Government needs to step in
Tenants Union NSW senior policy offer Leo Patterson Ross said the email demonstrated why “urgent” government action was needed.
“While some landlords and agents are trying to do the right thing, others are not,” he said.
“It is also worth pointing out that many landlords can already approach their bank about mortgage relief.”
Twenty-two of Australia’s biggest banks announced on 22 March that they were throwing a $100 billion lifeline that would include deferred business and home loan payments for small businesses as well as individuals of up to six months.
“People should rightly question whether their landlords have accessed those hardship provisions that are already in place.”
“This is a very sad situation for everyone. We know as well that many property managers are underpaid and overworked by their bosses and are often renters themselves.
“This is a whole community problem, and unfortunately the forecasted 1 million unemployed Australians will include some property managers. They should be supported the same as everyone else.”
Other renters told to pay up
One Twitter user said it was “madness” he was not only asked to pay full rent, but his rent had been hiked.
We got a $10 p/w increase. After already going up ~20% in the last 12 month's. Madness.— samborghyni (@Samborghyni) March 27, 2020
Canberra resident David* was sent an email by LJ Hooker advising of new procedures put in place to safeguard the health of tenants and staff, such as health checks, implementing remote signing of leases to limit face-to-face contact and requiring tenants to take photos of the property in lieu of house inspections.
The email also stated it was an “expectation that tenants follow their tenancy agreement. Obligations of the lease still stand.”
“If a situation occurs where you are unable to pay rent, please contact us immediately so that we can work with you and the lessor a way forward.”
David said receiving the email had irked him and felt that too much responsibility was placed on the tenant.
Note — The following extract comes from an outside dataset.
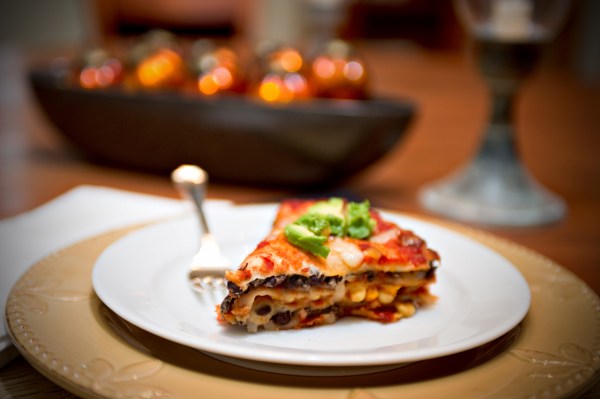 Eat your vegetables. If I’ve actually planned ahead, I’ll add chopped, sautéed onions and red (or green) bell pepper to the black beans. And ever since my friend Kim introduced me to her squash, onion and corn calabacitas, I make a double batch and include the leftovers in the corn layer. Once I even snuck in tofu. But please don’t tell my husband.
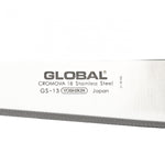 The GS-13 is quite similar to the GS-11 and is a sister knife to it. The GS-13 has very slight serrations along the edge of the blade. Not as pronounced as a fully serrated blade, we find that these small serrations actually work really well with fruit that has a firm skin, but watery center where you do not want the contents to go flying everywhere! The serrated blade is able to saw through the skin while keeping a very clean cut. We feel that this works particularly well with tomatoes, plums, nectarines and grapes. The knife is a utility knife though and can be used for most kitchen tasks.

“I just find it annoying that they lecture us about having to uphold our side of the tenancy agreement but they also want us to essentially do part of their job to assist with inspections,” he said.
“Like I get we should be trying to help each other but it feels like it’s all one way.”
*Note: Names have been changed for anonymity. This story was amended on 31 March to remove the inclusion of Urban Springs as a branch that sent out emails with the eviction process.